Kunstbibliothek Avant Garde!

IMG_1700aYesterday my friend and I went to see the Avant Garde exhibition at the Kunstbibliothek. I have seen posters around the city all summer, and I am very interested in the topic, so am happy we finally made and kept plans to see the show.

The whole Kulturforum at Potsdamer Platz is architecturally quite fantastic. The Mies Van de Rohe Neues National Galerie – an art gallery in which the art without visual isolation between inside and outside, and the Hans Scharoun-designed Staats Bibliothek and Philharmonie. My friend said the Philharmonie reminds him of a ship with all of its‘ porthole-like elements and the boat-shaped angled of the building. I mentioned how this cultural complex was built up in the West after the wall went up, since all of Berlin’s cultural institutions were annexed by the wall for the GDR. The West had to build new museums, galleries, etc. which is why the Kulturforum exists, but also why the architecture is so daring – since it was made as an expression of Western „freedom“ of choice – interpreted as freedom of aesthetic expression. What remains after reunification is a city within which several of the institutional functions are doubled.

Anyways, we met at the Kunstbibliothek and went in to see the show. Given the centennial of World War One – 1914 – several of the museums and cultural institutions around Berlin have coordinated exhibits around this event. The Avant Garde exhibition is a part of this larger initiative. I was completely surprised, however, by the exhibit. I had expected much more of the usual suspects – Dada collages, Futurist paintings, some Expressionist paintings, some Surrealism, some strange musical experimentation. But there was in fact very little of this on display.

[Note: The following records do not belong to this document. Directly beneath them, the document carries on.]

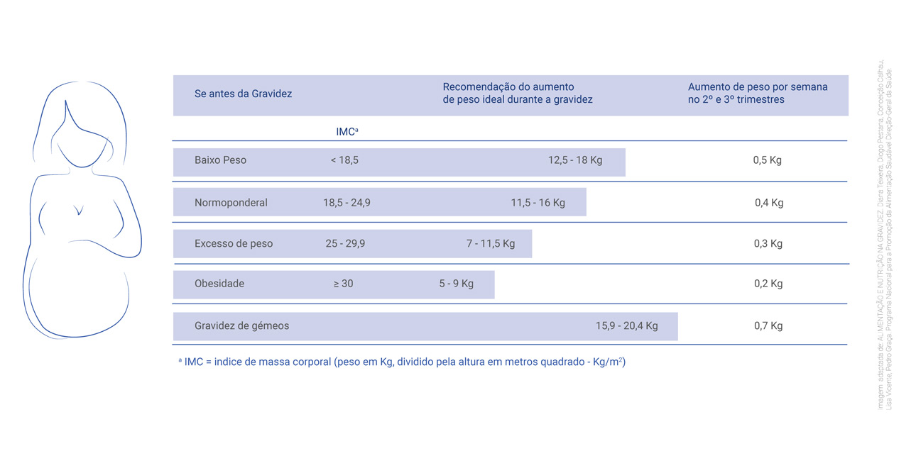 A imagem seguinte espelha as recomendações da Direção Geral de Saúde (DGS) para um aumento de peso equilibrado de acordo com o índice de massa corporal (IMC) da mulher antes de engravidar:
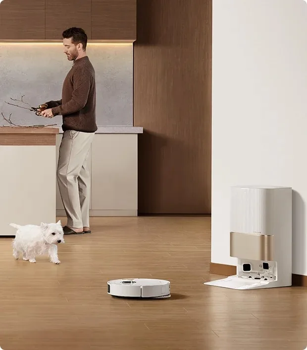 Dank KI-gestützter Hinderniserkennung mit RGB-Kamera und strukturiertem 3D-Licht erkennt der Roboter über 120 Objekte – von Kabeln bis zu Schuhen – und weicht ihnen zuverlässig aus. Er navigiert auch im Dunkeln präzise und plant seine Route je nach Raum, Bodenbelag und Möbelposition. Über die App passt du jede Zone individuell an, legst Sperrbereiche fest oder steuerst einzelne Räume gezielt an.
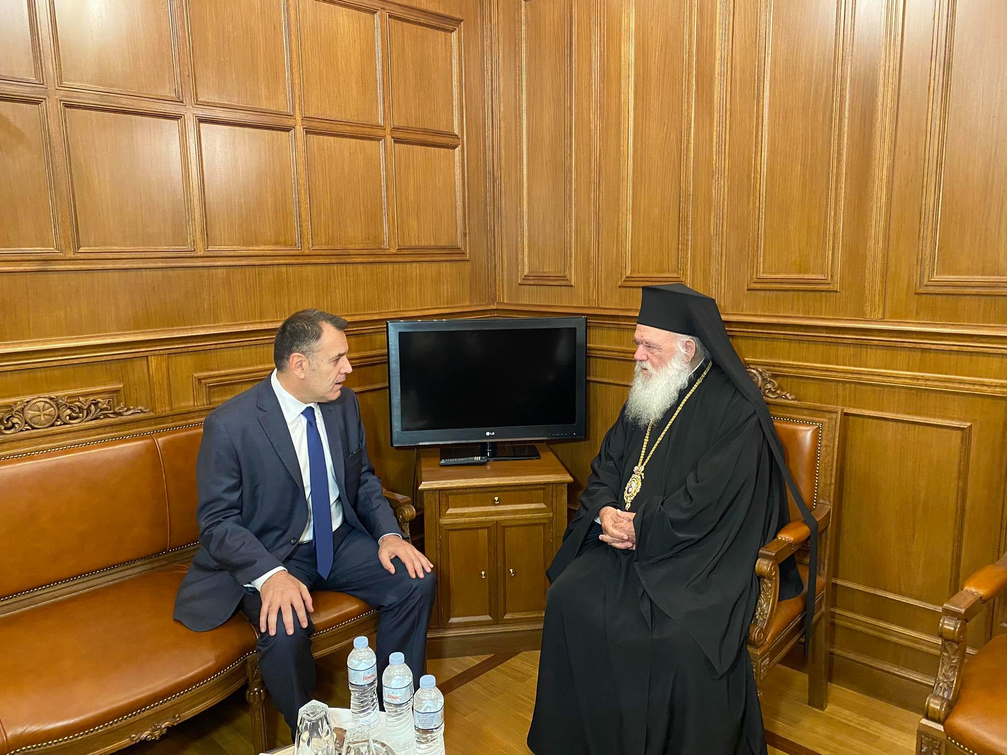 Λίγο μετά τις 11 το πρωί έφθασε στη ΔΙΣ ο Υπουργός Εθνικής Αμύνης κ. Νικόλαος Παναγιωτόπουλος προκειμένου να του επιδοθεί, ως δωρεά της Εκκλησίας της Ελλάδος, ειδικός εξοπλισμός για χρήση από τις Ελληνικές Ένοπλες Δυνάμεις.
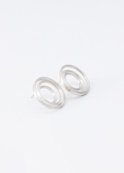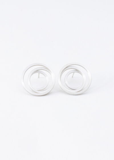 Diese Ohrringe aus Silber haben eine dynamische Form mit Tiefenwirkung. Sie sind leicht und angenehm zu tragen. Der Durchmesser ist 25mm.
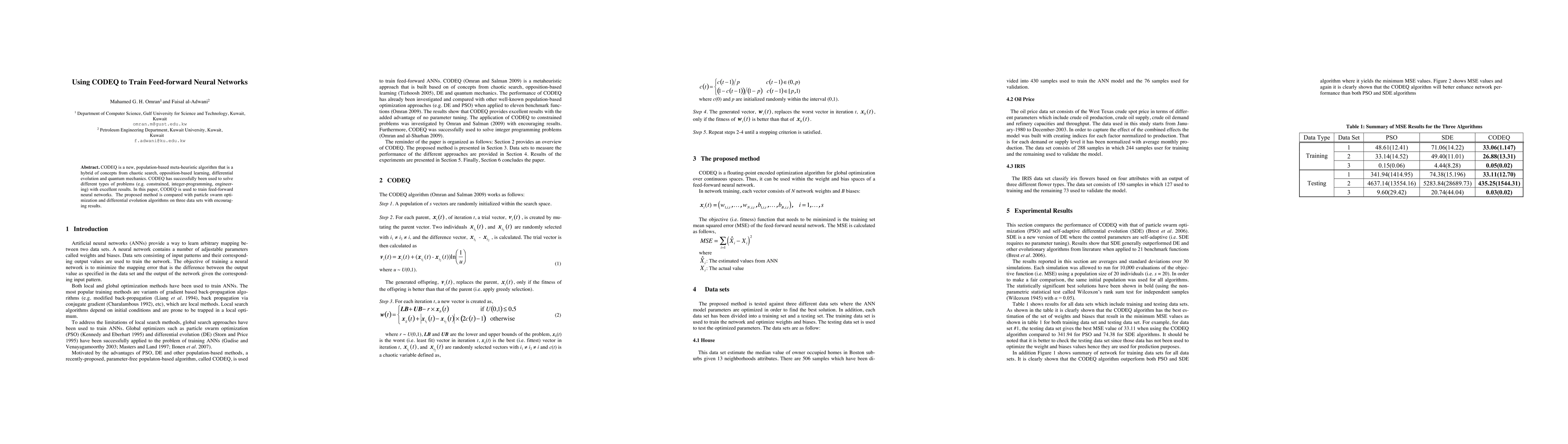 CODEQ is a new, population-based meta-heuristic algorithm that is a hybrid of concepts from chaotic search, opposition-based learning, differential evolution and quantum mechanics. CODEQ has successfully been used to solve different types of problems (e.g. constrained, integer-programming, engineering) with excellent results. In this paper, CODEQ is used to train feed-forward neural networks. The proposed method is compared with particle swarm optimization and differential evolution algorithms on three data sets with encouraging results.
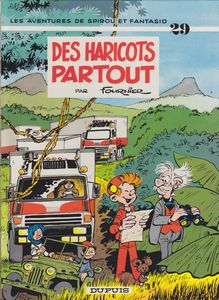 remarques: | édition originale, dos carré blanc, dernier titre: Kodo le tyran, 46 pages l'attentat sur Fantasio par les résistants et par les sbires de Kodo échoue de part et d'autre, mais Fantasio est enlevé par les rebelles et retrouve Spirou qui se rend chez Champignac pour lui demander son aide dans cette affaire >> p. 29 Champignac se rend aux Indes pour en discuter avec son ami, le prof. Sirk Hamar de l'OMS à Delhi afin de trouver une solution un plan de culture d'haricots est mis en place pour remplacer les pavots d'opium et suite à l'intervention musclée des rebelles, Kodo est abandonné de tous, mais réussit à s'enfuir avec Chopsuey son fidèle acolyte >> p. 30 Spirou pris pour un domestique Spirou et Fantasio retrouveront à Bruxelles Kodo, recyclé comme marchand de légumes, vendant les fameux haricots du Catung et >> p. 46 qui leur fera goûter ses fameuses tomates françaises bien mûres >> un album qui ne vaut pas un haricot, un dernier récit de Fournier un peu bâclé tant pour le graphisme que pour le scénario, malheureuse fin de série pour Fournier n.b. selon Fournier, Champignac pourrait se trouver pas loin de l'aéroport de Genève >> voir page 27 |
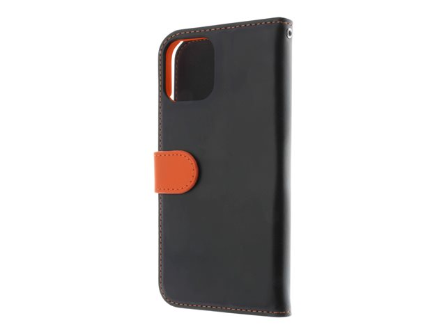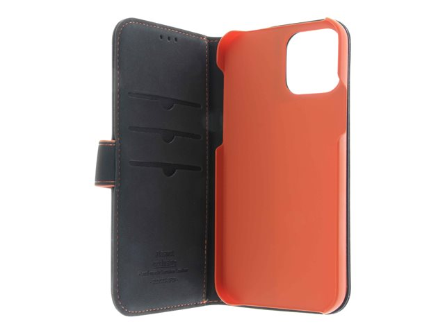 Insmat Exclusive - Vikbart fodral för mobiltelefon - läder, kartong+papper+aluminiumfolie - svart - för Apple iPhone 12 mini 650-2968

The lower gallery contained a series of collected publications by various small-presses. The publication Der Sturm was featured quite significantly, as it seems like the publisher was bringing together all of the avant-garde artistic experimentation across Europe. Der Sturm included the French-Viennese Dada, the German der Blaue Reiter, and Italian Futurists. Der Sturm was published here in Berlin, and so the library has a good collection of their publications.

Also very charming was a series of portraits of the contributors to Der Sturm, including Kokoschka, Kandinsky, and many others. These were printed as postcards, and used both as promotional materials and clearly for correspondence. The parallels between small experimental publishing today and its originators 100 years ago is really remarkable. I think many people are still doing this very work.

Another small press was called Der Rote Hahn, which I believe was a more politicized collection – considering that anything Rote is most likely connected to the Communist movement.

In the centre of the gallery one of the pillars had some loudspeakers mounted within which played a sound track featuring recitals of some of the texts, including the very famous Futurist nonsense poem Zang Tumb Tumb.

At this point my friend and I talked a bit about the intersection between Avant Garde artistic practice and revolutionary politics. The Futurists were very much in favour of war, destruction, and embraced new technology as a means to destroy everything old and to make way for the future. They were politically allied with Fascism and supporters of war. This surprises some people (like my mother) who believe that all departures from Conservatism – both political and aesthetic – must agree. I think it is impossible for aesthetic experimentation to coincide with any political movement. But the history of the intersection of artistic avant-garde movements and political revolutionary movements is really interesting.

Anyhow, the upper gallery contained a beautiful collection of framed advertisements that were designed in the period. These were visually amazing, and stylistically bold, but I have never considered this type of work to be at all connected to the Avant Garde. I would love to know who curated this exhibit and what motivated the decision to show period advertising in a show titled Avant Garde. Considering the various Avant Garde movements‘ anti-commercial motivation, pairing their work with the purely commercial and functional forms of advertisements is unexpected, to say the least. All-in-all, though, this was a very cultural afternoon, and we finished it off with beer in the Tiergarten. Tschuss!